Девушка со смехом опустилась на складную кровать:
— Лилька я.
— Ну и что? Мало ли Лилек на свете? На даровщинку сейчас и девки способны.
— Ну что зря, тетя Груша, чепуху мелете? Товарищ я его, близкий, может быть, буду завтра жена… Разве он про меня ничего не рассказывал?
Аграфена махнула рукой и пошла прочь.
— Чего про вас, беспутных, рассказывать. Сами вешаетесь на шею.
На кухне она уж дала себе волю:
— Хороша, стройна, да не береза. Ишь ты, белобрысенькая. Волосы подстригла утюжком, и уж красавица! Лилька! А мне на черта все далось… Не рассказывал? Брови, как солома, торчат… И ребята пошли безмозглые. Ни бельмеса не понимают. Берут вот таких цыпочек, а стирать — некому, поштопать — тоже. Семья ей хоть бы что! Все романы на диванах читать да глазами вертеть. Одно бесстыдство! Вот что я скажу. А моя тоже — Аника-воин.
Слезы навернулись у Аграфены.
— Ужели можно так? Я за ним ухаживаю, грязь подтираю, прости господи, а он никакой благодарности. Ей-богу, наваждение. Окрест и девок уж нет? А Марья чем плоха? Людишки пошли хороши, на доброту норовят ногою наступить. Вместо любви одно вожделение, похоть одна, прости господи; какая уж там дружба — обман да предательство.

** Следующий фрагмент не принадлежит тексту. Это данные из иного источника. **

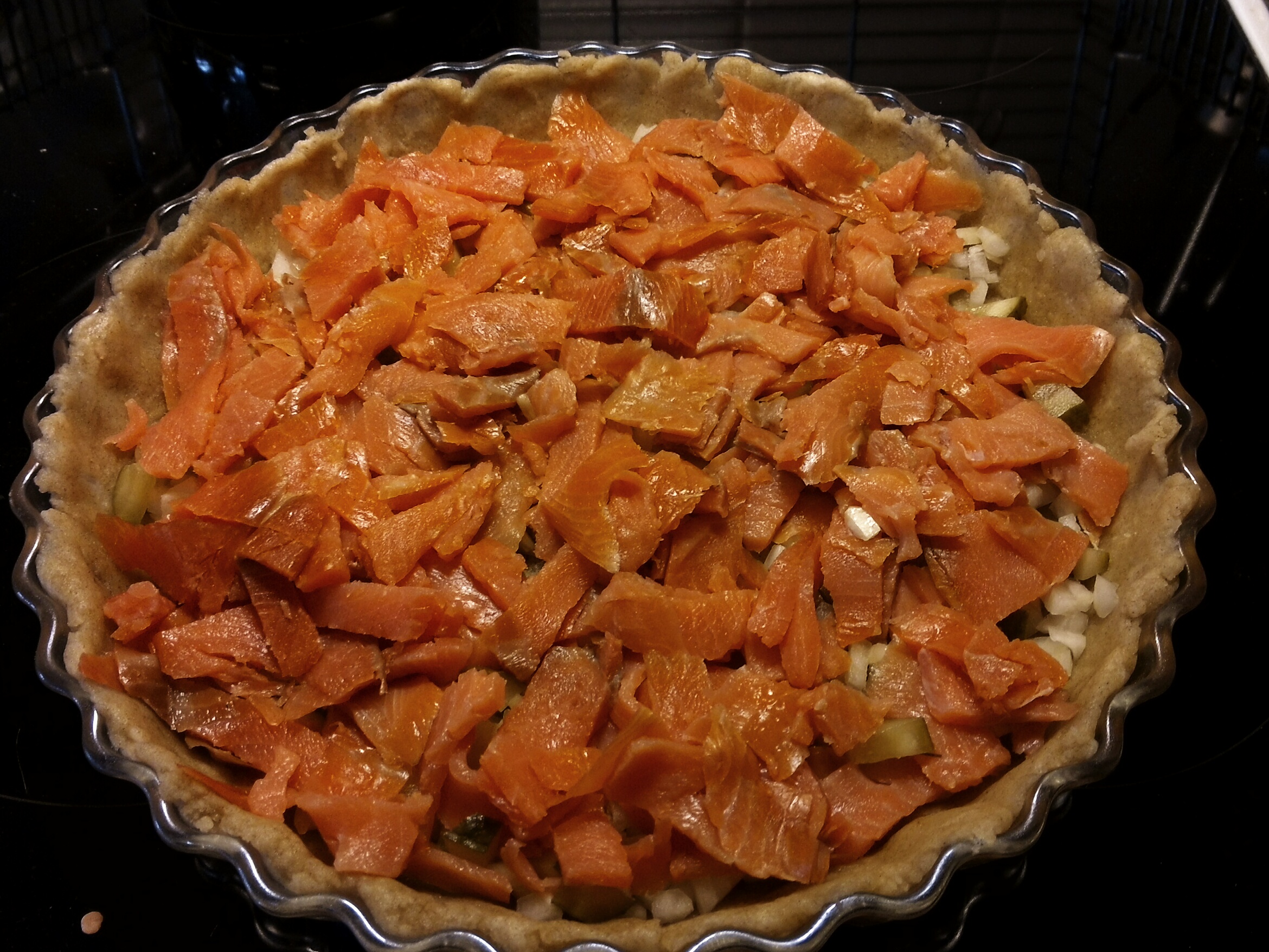 Vähän pelkäsinkin, että täytteitä on niin paljon, että muna-kermaseos valuu taikinareunuksen yli.

А когда Лиля попросила ведро, чтобы полы вымыть, грубо отчеканила:
— Нет у меня ведра.
— А вот это? Право, я не задержу. — Лиля не понимала, в чем дело. — Ну вы и сердитая.
— Эх, будешь сердитой… Возьми, вон там за дверью терка для полов… Вам что, ни заботушки, отбарабанила, да с колокольни долой.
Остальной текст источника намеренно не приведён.